Die Dämpfungswerte sind:


> Aktuelle Datenrate
> 3456 kbit/s (Empfangsrichtung) 448 kbit/s (Senderichtung)
> 
> Leitungsdämpfung
> ...


Ich bin Ratlos und würde mich über jede helfende Antwort freuen.


----------



## daniel05 (5. März 2012)

Hast du sonst noch ne Anschlussdose in der Wohnung? Wenn ja, musst du die mal aufmachen und schauen ob da vielleicht ein Kabel locker ist. An der Anschlussdose auch mal prüfen. Wenn du 2 hast, musst du die so verkabeln das die direkt an dem Kabel sind...durchschleifen. Check deinen Splitter, Provider anfunken...die geben dir meist kostenlos einen und mal den Techniker fragen ob Störungen vorliegen.
Natürlich auch alle original Kabel und Netzteile benutzen. 
Wenn da kein Fehler auftaucht, kannst du dich an die Fritzfirmware machen und mal googeln ob es da Probleme gibt...evtl. Support AVM.

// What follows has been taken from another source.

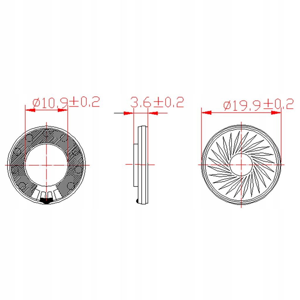 Форма: круглый; Диаметр динамика: 20 мм/0,79 дюйма

Dann evtl. PC Hardware (Lankarte) und Software prüfen.


----------



## TurricanVeteran (5. März 2012)

@Wazula
Die resync`s und deine leitungsdaten passen irgendwie nicht zusammen.Deine störabstandsmarge ist so hoch,das es locker für 8-10 mbit reichen sollte.
Kannst du mal auf der web-oberfläche der fritzbox auf "dsl-informationen" gehen und die reiter dsl,spektrum und statistik als bild hier posten? (leitung sollte idealer weise mal einen tag ohne resync gelaufen sein,geht aber auch so)
Was für einen router hast du von deinem anbieter bekommen? (steht auf der unterseite/rückseite) Vieleicht kann ich dir zu den benötigten status-informationen verhelfen.


----------



## Crymes (6. März 2012)

Probier mal, bei den DSL Einstellungen die DSL Störregler ganz nach (glaube) Links zu schieben.
Dann ziehe mal den Stecker und schaue, ob die Probleme verschwunden sind. Ansonsten kannst du die FritzBox auch als Router hinter dem anderen Modem betreiben.


----------



## Wazula (6. März 2012)

Vielen dank für die doch so umfangreichen aufgaben 
Die Bilder werde ich heute oder morgen mal hochladen. Auch das mit dem Störregler habe ich schon schritt weise versuche jedoch erst um zwei schritte (ja es geht nach links) werde ihn mal nach ganz Links stellen.


----------



## Wazula (6. März 2012)

Soo hier die Bilder aus der FritzBox Monitor



			Dieser Inhalt steht nur eingeloggten Mitgliedern zur Verfügung.
        




			Dieser Inhalt steht nur eingeloggten Mitgliedern zur Verfügung.
        




			Dieser Inhalt steht nur eingeloggten Mitgliedern zur Verfügung.
        



bei dem alten Gerät handelt es sich um eine Arcor-Easy Box A600 WLAN



			Dieser Inhalt steht nur eingeloggten Mitgliedern zur Verfügung.


----------



## TurricanVeteran (6. März 2012)

Wazula schrieb:


> Soo hier die Bilder aus der FritzBox Monitor


Dein spektrum schaut aber garnicht gut aus. Zu allererst solltest du mal eine leitungsstörung an Arcor/Vodafone melden. Parallel dazu solltest du auch,soweit dir möglich, deine hausverkabelung überprüfen. Ich weiß nicht,was für einen telefonanschluß du hast (analog,isdn oder ip),aber die kabel zwischen 1. tae->splitter-> modem sollte jeweils so kurz als möglich ausfallen und zwischen splitter und modem bitte auch kein handelsübliches telefon-kabel benutzen. Besser ist das orginal fritzbox-kabel oder simples cat.5e netzwerkkabel.
Habt ihr eigentlich mehr als eine tae-dose für euren telefonanschluß? Wenn ja,bitte telefone oder sonstiges gerät,was dort angestöpselt ist, bitte abziehen. Das modem und der splitter gehören übrigens an die 1. tae.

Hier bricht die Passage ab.